Aunque NUPES no haya formado un grupo parlamentario único, como proponía Mélenchon,  sí cuenta con un órgano común interpartidista que se reúne semanalmente y presenta propuestas comunes sobre todas las cuestiones clave (excepto la política exterior). Este es uno de los pocos éxitos de la izquierda en Europa en los últimos años.

La experiencia francesa demuestra que una propuesta de unidad de la izquierda que aspire a ganar una mayoría en la sociedad podría llegar a ser creíble si se apoyara en la posición hegemónica de su ala radical, combinada con una elaboración programática adecuada y sostenida por la experiencia de la acción conjunta en los movimientos sociales y en instituciones «intermedias» como el gobierno local. Si se cumplieran estas condiciones, la exigencia de actuar tanto “desde arriba» como «desde abajo» iría de la mano, creando así las necesarias posiciones de fuerza en la sociedad.

La izquierda radical griega está aún lejos de alcanzar este punto. Pero el objetivo inmediato es más limitado. Lo que ahora está en juego es una alianza de fuerzas que abarquen un espectro más estrecho y tengan un peso electoral menor que en Francia, pero que aun así aspiren a formar un polo radical hegemónico. Este paso es esencial para evitar que el electorado de izquierdas quede atrapado en el dilema del «mal menor», que, como ha demostrado la experiencia reciente, es el camino más seguro hacia males aún mayores.

Por otra parte, la cercanía de las posiciones programáticas entre las fuerzas potenciales de la izquierda griega es claramente mayor que la de la izquierda francesa. Es factible un acuerdo sobre un marco programático, especialmente para formar un programa electoral.
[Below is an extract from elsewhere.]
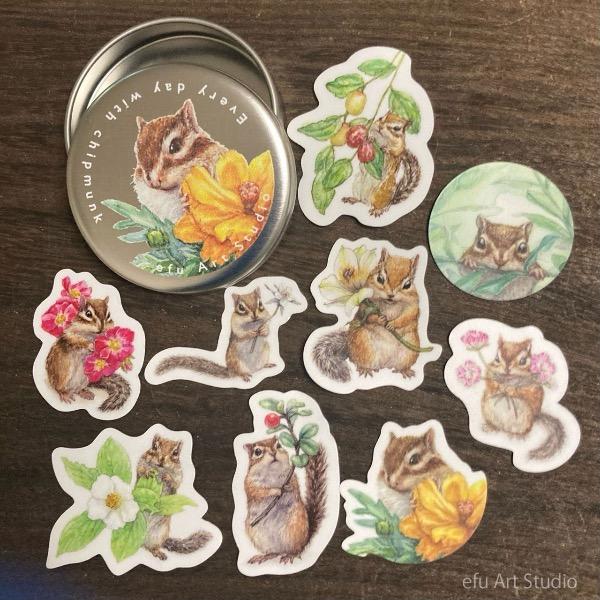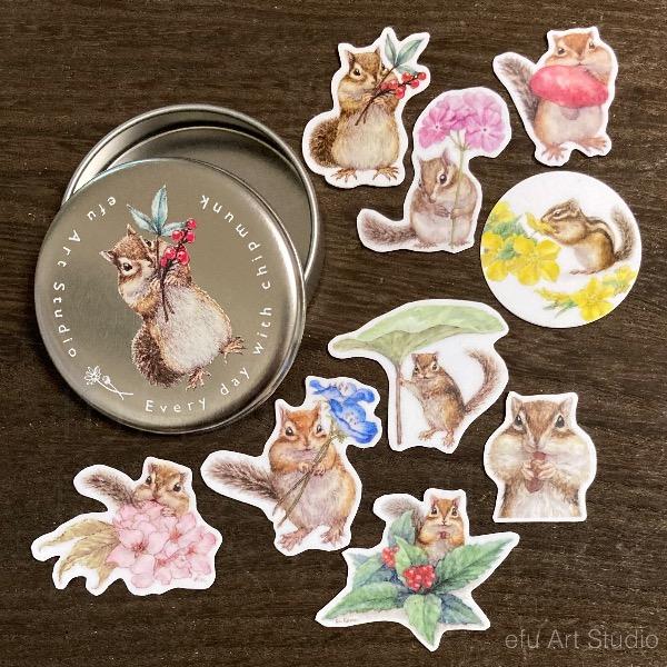 3〜4cm程度の小さなシマリスと植物のステッカー2025年新作です。
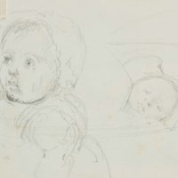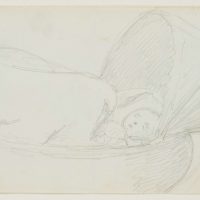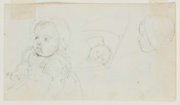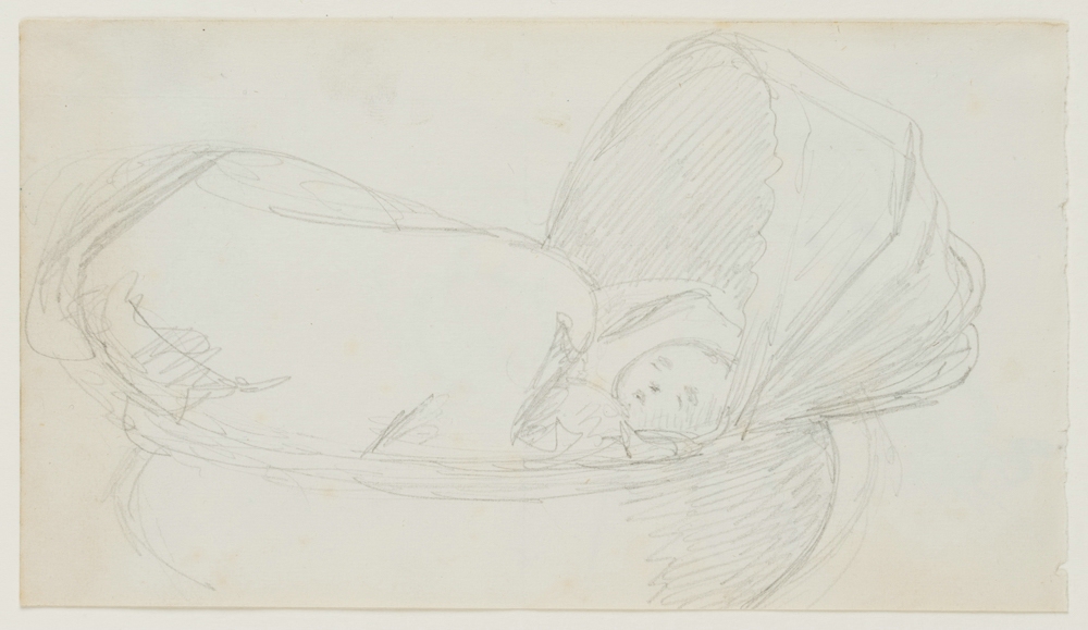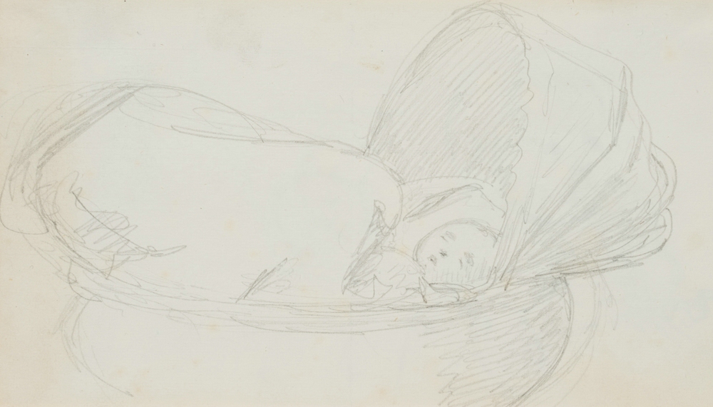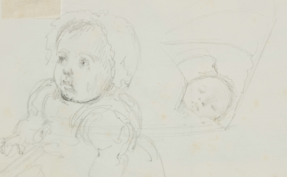 - Description: Lovely sleeping child in a cradle. On the reverse are further sketches of babies. Presumably these are the painter’s offspring. The sheet comes from a sketchbook dated 1856.

Los 7+1 puntos de MeRA25 sobre las cuestiones candentes del momento, es decir, sobre la satisfacción de las demandas populares inmediatas, proporcionan un importante punto de partida. Una convergencia programática más estratégica en torno a un programa de transición, que promueva una dirección anticapitalista para Grecia, sería el siguiente paso inmediato.

Las diferencias en la práctica política y la falta de intervenciones compartidas en las luchas sociales crean dificultades reales para las organizaciones que probablemente participen. Pero no son insuperables. Los días que se avecinan son sombríos para los trabajadores griegos y las generaciones más jóvenes. Lo menos que podría hacer la izquierda sería crear las condiciones para un nuevo comienzo, basándose en la experiencia del pasado, pero mirando hacia el futuro.